-
Notifications
You must be signed in to change notification settings - Fork 1.1k
Description
I really love the idea behind this project, but I'm struggling to get vision models to work properly. My experiences aren't unique it seems judging from the other issues.
I'll explain all that I did, and try to link to other issues in a hope to consolidate some information. See the questions at the bottom.
Apologies in advance for the length.
What I've tried
For each example, cleared cache between runs using:
(await window.caches.keys()).forEach(async k => k.includes("webllm") && await window.caches.delete(k))1) Basic usage
Following the example outlined in the docs.
Code
const modelName = "Phi-3.5-vision-instruct-q4f16_1-MLC";
const engine = new MLCEngine({
initProgressCallback: (p) => {
console.log(p);
}
});
await engine.reload(modelName);The cache will populate fine, but then the following error occurs.
Error
ValueError: Cannot find parameter in cache: vision_embed_tokens.img_processor.vision_model.embeddings.position_embedding.q_weight
01b7e676:0x160422 [FATAL] /Users/cfruan/Documents/tvm/web/../src/runtime/relax_vm/ndarray_cache_support.cc:333: ValueError: Cannot find parameter in cache: vision_embed_tokens.img_processor.vision_model.embeddings.position_embedding.q_weight
overrideMethod @ hook.js:608
put_char @ @mlc-ai_web-llm.js?v=0336b5a7:4635
write @ @mlc-ai_web-llm.js?v=0336b5a7:4604
write @ @mlc-ai_web-llm.js?v=0336b5a7:5723
doWritev @ @mlc-ai_web-llm.js?v=0336b5a7:6275
_fd_write @ @mlc-ai_web-llm.js?v=0336b5a7:6287
$func1677 @ 01b7e676:0x160422
$func1684 @ 01b7e676:0x16099f
$func1685 @ 01b7e676:0x160a4c
$func1911 @ 01b7e676:0x16de87
$func1781 @ 01b7e676:0x16a360
$func1798 @ 01b7e676:0x16aca1
$func1799 @ 01b7e676:0x16acf3
$_ZN3tvm7runtime6detail12LogFatalImplERKNSt3__212basic_stringIcNS2_11char_traitsIcEENS2_9allocatorIcEEEEiSA_ @ 01b7e676:0x20a86
$func20 @ 01b7e676:0x204bd
$func459 @ 01b7e676:0x6964b
$func458 @ 01b7e676:0x69269
$func1208 @ 01b7e676:0xe3df7
$TVMFuncCall @ 01b7e676:0x271f6
packedFunc @ @mlc-ai_web-llm.js?v=0336b5a7:8528
getParamsFromCacheByName @ @mlc-ai_web-llm.js?v=0336b5a7:7618
LLMChatPipeline @ @mlc-ai_web-llm.js?v=0336b5a7:13990
(anonymous) @ @mlc-ai_web-llm.js?v=0336b5a7:20167
fulfilled @ @mlc-ai_web-llm.js?v=0336b5a7:2240
index.tsx:98 ExitStatus {name: 'ExitStatus', message: 'Program terminated with exit(1)', status: 1}
overrideMethod @ hook.js:608
#init_model @ index.tsx:9
See also #640 for this same error.

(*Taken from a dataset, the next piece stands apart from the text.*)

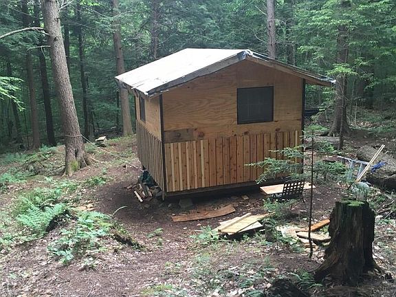 Private and quiet 10 acre parcel with an existing cozy Artist/Writer/Reader Cabin with custom exterior bar, table and fire pit, nestled under a beautiful hemlock grove. Outside perimeter of property is hugged by an old logging road. Higher elevation on back side of lot has filtered view of St. Regis Mountain's fire tower. Higher elevation in front side has filtered view of Church Pond in the winter. You will enjoy various tree species such as Hemlock, Maple, Beech and Birch providing privacy and fall foliage. Property is located between Church Pond and Hoel Pond. Saranac Inn Golf Club and Upper Saranac Lake public boat launch are at your fingertips. Property is APA approved for building. Driveway is cleared and home site is partially cleared, perc test done, electric available. This Adirondack oasis is ready for your dream home or camp, minutes from XC skiing, hunting, hikimg, swimming, paddling, camping.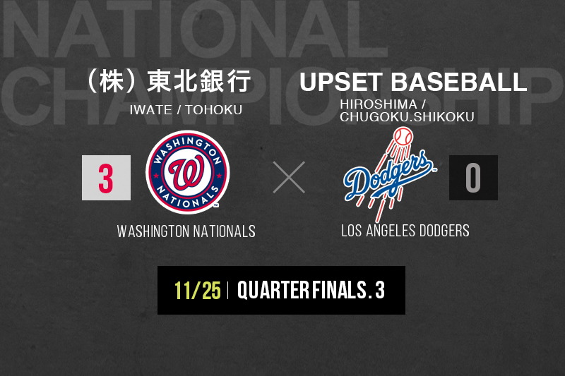 先攻はWashington Nationals のユニフォームを着用した東北地区代表(株)東北銀行と後攻Los Angeles Dodgersのユニフォームを着用した中国・四国地区代表のUPSET BASEBALLの一戦。

The error also occurs on the https://chat.webllm.ai/ site
2) Updating model_lib
The next attempt was to modify the model_lib, by pointing to v0_2_80 instead of v0_2_48 like in the config.
Code
const modelName = "Phi-3.5-vision-instruct-q4f16_1-MLC";
const engine = new MLCEngine({
appConfig: {
model_list: [{
model: "https://huggingface.co/mlc-ai/Phi-3.5-vision-instruct-q4f16_1-MLC",
model_id: modelName,
model_type: ModelType.VLM,
model_lib: "https://raw.githubusercontent.com/mlc-ai/binary-mlc-llm-libs/refs/heads/main/web-llm-models/v0_2_80/Phi-3.5-vision-instruct-q4f16_1-ctx4k_cs2k-webgpu.wasm",
}, ],
},
initProgressCallback: (p) => {
console.log(p);
},
});
await engine.reload(modelName);Error
This error seems to be an issue with the wasm file itself:
LinkError: WebAssembly.instantiate(): Import #2 "env" "TVMFFIWasmSafeCall": function import requires a callableSee also #700 for this same error
3) Using Gemma-3
I also tried to use Gemma-3.
Code
const modelName = "gemma-3-1b-it-q4f16_1-MLC";
const engine = new MLCEngine({
appConfig: {
model_list: [{
model: "https://huggingface.co/mlc-ai/gemma-3-1b-it-q4f16_1-MLC",
model_id: modelName,
model_type: ModelType.VLM,
model_lib: "https://raw.githubusercontent.com/mlc-ai/binary-mlc-llm-libs/refs/heads/main/web-llm-models/v0_2_80/gemma3-1b-it-q4f16_1-ctx4k_cs1k-webgpu.wasm",
}, ],
},
initProgressCallback: (p) => {
console.log(p);
},
});
await engine.reload(modelName);Error
This is the same error as above
LinkError: WebAssembly.instantiate(): Import #2 "env" "TVMFFIWasmSafeCall": function import requires a callable4) Compile models
Per the comment in 700, I had to compile the models, which involved building tvm and mlc-llm from source.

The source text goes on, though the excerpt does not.